As someone whose tolerance of shoddy writing, anime or otherwise, is notably low, I can’t bring myself to disagree with anything written here. My enjoyment of Fujiko herself, the great visuals and the music was more often than not distrupted by eye rolling and “Oh come on, did we need this?”. It definitely could’ve used more wacky shenanigans and less of their horrendous mess of a story. I also found that sometimes when they were trying emulate the old Lupin style, they were emulating stuff that wasn’t a stylistic decision, it was a result of the low budget and animation for a lot of the early stuff and it comes off looking weird. It was worth watching though, I felt.
I am having a really hard time agreeing with this, I actually had a lot of fun trying to predict where the story was going, as we got a lot of clues along the way, a friend of mine even managed to roughly call the twist at the end.
I thought the story was fun and interesting, and the conclusion was great, as it made sure not to leave a problematic effect on the franchise, while still having a great impact on the viewer and sharpening the relations between the main characters of the franchise (I just wish Goemon and Fujiko’s bizarre friendship could have gotten a proper finale too).
Overall the show was fun, interesting and thought engaging.
The one thing that bothered me throughout the show was the inconsistent animation, but as I understand it was due to the tight schedule I hope it will be fixed for the blu-ray release.
A last word of warning,
It is very problematic to measure the worth of a show by comparing it to the franchise. If something is the same as it has been done before, does that make it good?
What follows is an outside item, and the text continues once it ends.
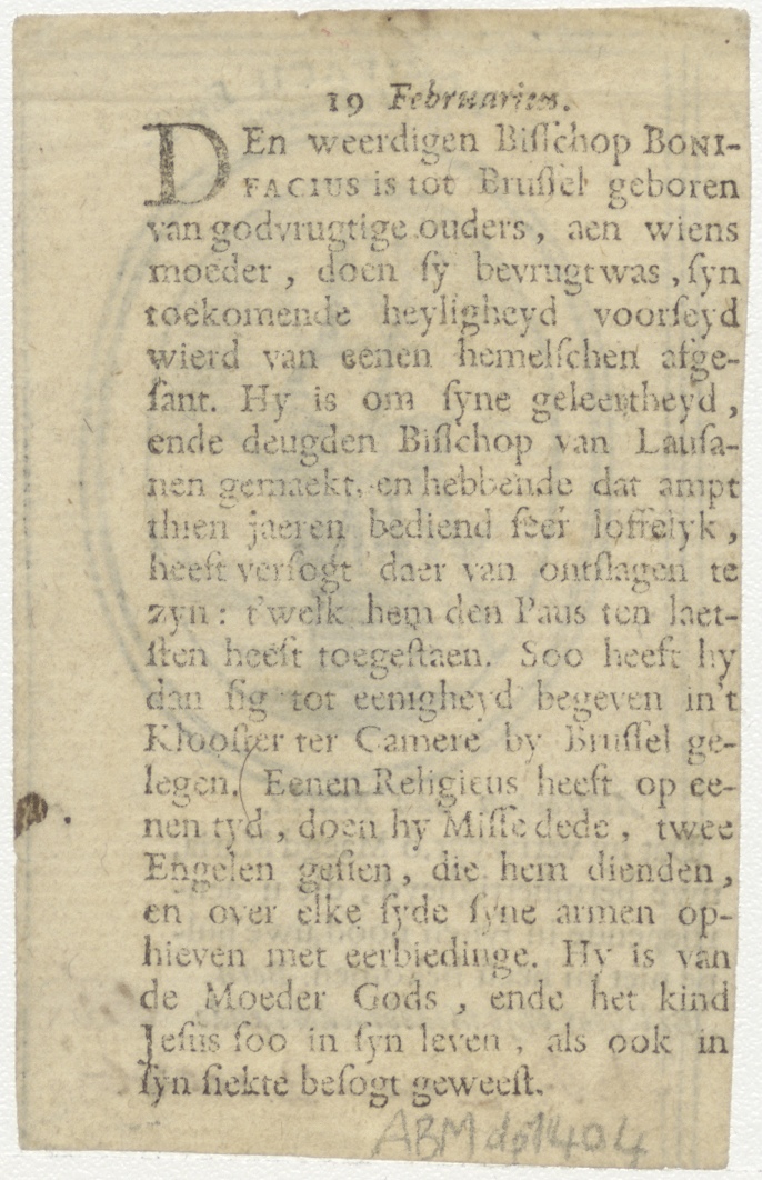 H. Bonifacius, geboren te Brussel, niet de beroemde apostel van Duitsland, kz. levensbeschrijving

If it is different, does that make it bad? That may well be true sales-wise (since lupin fans are the target audience), but for objectively trying to measure the worth of a show, that is a problematic standard.
@InazumaKick
Well I think this show had a poor budget too, lol. That’s why it looks funky sometimes.
@mei
People don’t write reviews because they want people to agree with them. Also, reviews are never objective. The whole point of a review is for the writer to write from their own subjective point of view.
If you had read my previous post, you’d know that I did in fact like some things about this show that were different from most of the other entries in the franchise. I enjoyed the re-written Zenigata, Goemon, and even Fujiko (despite her taking up too much space.) I also liked how the series went back to being hardboiled and sexual like the original manga.
But, as far as I’m concerned, the main story is kind of a mess of a lot of the things I hate about anime right now: the need have some bullshit sentimental scene, the big twists that are meant to be impressive but are just actually stupid, the fujoshi-bait character dynamics…
I just kind of wish the series stuck with basics and just executed those basics really well, instead of trying present itself as some high-minded thing when it’s really just another Dumb Anime.
I mean, it’s fine for you to like it. Me? I’ll stick with the old stuff that was made before we had writers like Okada Mari who insist on trying to convince everyone of how clever they are.